Let me share with you my choice…my decision. I decided that I would stay under God’s chain of authority; regardless as to what I felt was right or wrong, and would back that authority figure, my father.

Girls, I have been SO incredibly blessed because of this decision! I have been spared things that I now realize I was wrong in, not them. God has also shown things to my father that he was wrong in, and I had been right in. And I didn’t have to do a thing! God doesn’t need us, my sisters! That is something that is a powerful thing for us to learn. He doesn’t need us to work in our parents/husbands hearts and teach them, nor does He need us to stand up for the right, and prove to them, what is right. This job was never given to us. This job is God’s, and we need to leave the teaching up to Him.

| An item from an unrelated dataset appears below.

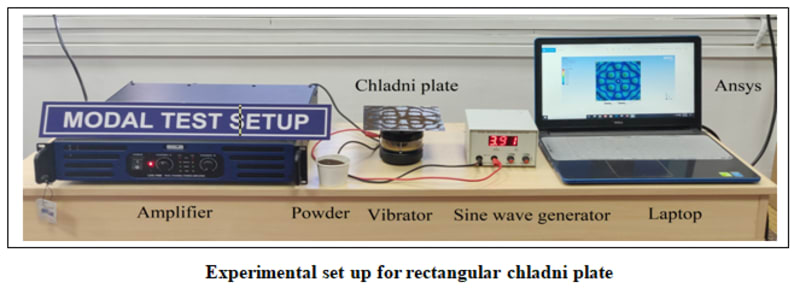 Ernst Florens Friedrich Chladni was a German physicist and musician. His most important work, for which he is sometimes labeled as the father of acoustics, included research on vibrating plates. Modal analysis is used to find out mode shapes and natural frequencies of system. This work aims at demonstrating nodes and antinodes at various frequencies of vibrations. Chladni plate is used for this purpose. When the plate is excited because of vibrations from a vibrator source, the sand of the plate creates specific patterns. These patterns are related to the excitation frequency. The sand on the plate moves away from antinodes where the amplitude of the standing wave is maximum and towards nodal lines where the amplitude is minimum or zero, forming patterns known as Chladni figures. The formation of patterns depends on material properties, geometry of plate, and thickness of plate and frequency/vibration pattern of the vibrator. The experimental setup consisted of a aluminum rectangular plate of 16 cm × 16 cm thickness of 0.61 mm placed over a mechanical vibrator (GelsonLab HSPW-003), which was driven by a sine wave signal generator (Ningbo Hema scientific). The procedure consisted in sprinkling powder on the plate and sweeping the frequency of the function generator until a constant pattern was obtained. Different shapes formed by sand particle on the plate at different frequencies will be captured by the camera. Validation of experimental work is done with ANSYS mechanical software.
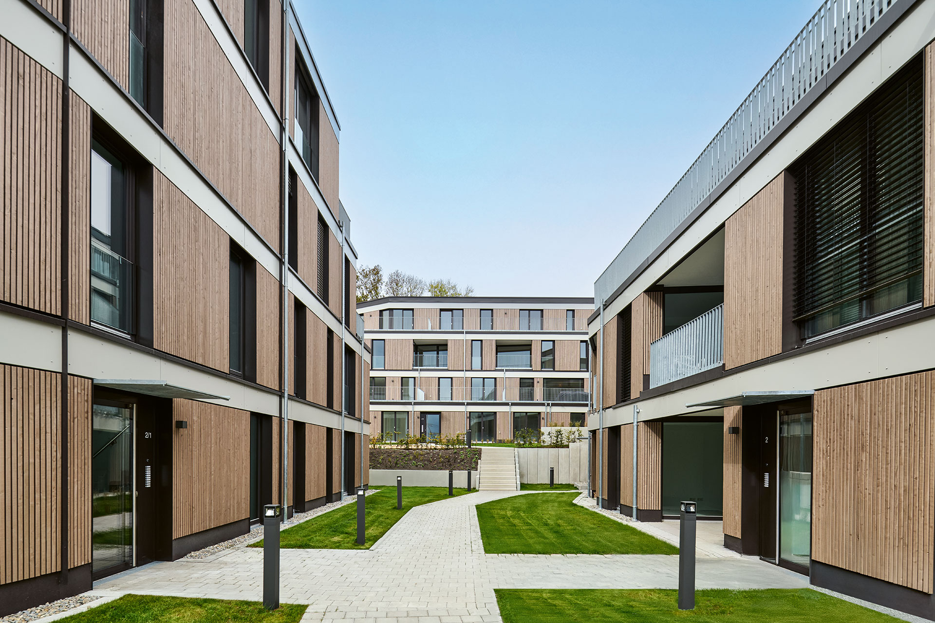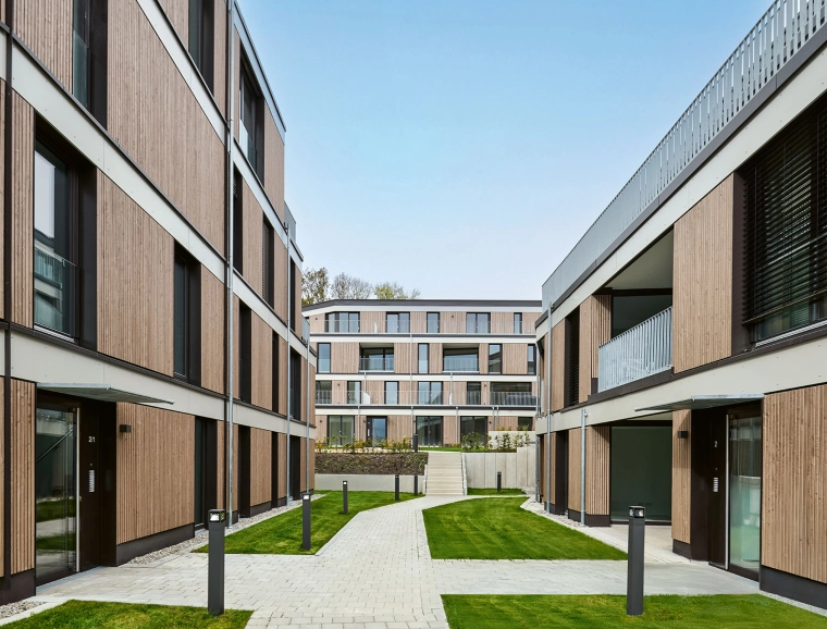 Die Stahl-/Betonkonstruktion ist mit einer Fassade aus vertikalen Holzlamellen mit integrierter Wärmedämmung verkleidet, der begrünte Flachdachaufbau wird mit Photovoltaikanlagen versehen. Der nachhaltige Anspruch in Kombination mit einer hohen Aufenthaltsqualität, die sich durch eine attraktive, naturnahe Freiraumgestaltung ergibt, spricht Singles und Paare ebenso an wie Familien und Senioren.

1 Timothy 2:11 Let the woman learn in silence with all subjection.

1 Timothy 2:12-14 But I suffer not a woman to teach, nor to usurp authority over the man, but to be in silence. For Adam was first formed, then Eve. And Adam was not deceived, but the woman being deceived was in the transgression.

Notice here that this was not referring to the church. It was “you are not to teach or command a man” period BECAUSE, you are easily deceived, and the man is not.

Romans 13:1 Let every soul be subject unto the higher powers. For there is no power but of God: the powers that be are ordained of God.

Romans 13:2 Whosoever therefore resisteth the power, resisteth the ordinance of God: and they that resist shall receive to themselves damnation.

God didn’t tell us to be subject unto them IF we agree! He told us to be subject (to submit) to them regardless, unless we have completely clear BLACK AND WHITE, no questions asked, ground to stand on.  Obviously, we are not to murder and things like that. Those are clear black and white things. 

But, I will also say that even if we are told to do things like these, we are not suppose to do it in a “I know better than you” attitude. We are to do so in an honoring, loving manner, explaining to them meekly why we can not obey them. So even when we do stand up for the things that God has clearly said we are to do, (and again I mean things that there is no possible way on earth, that we could be wrong in), we are to still do it in a lowly, meekly, kind of why.

*****************************

May this richly bless you, my dear girls!  Think about it…pray about it.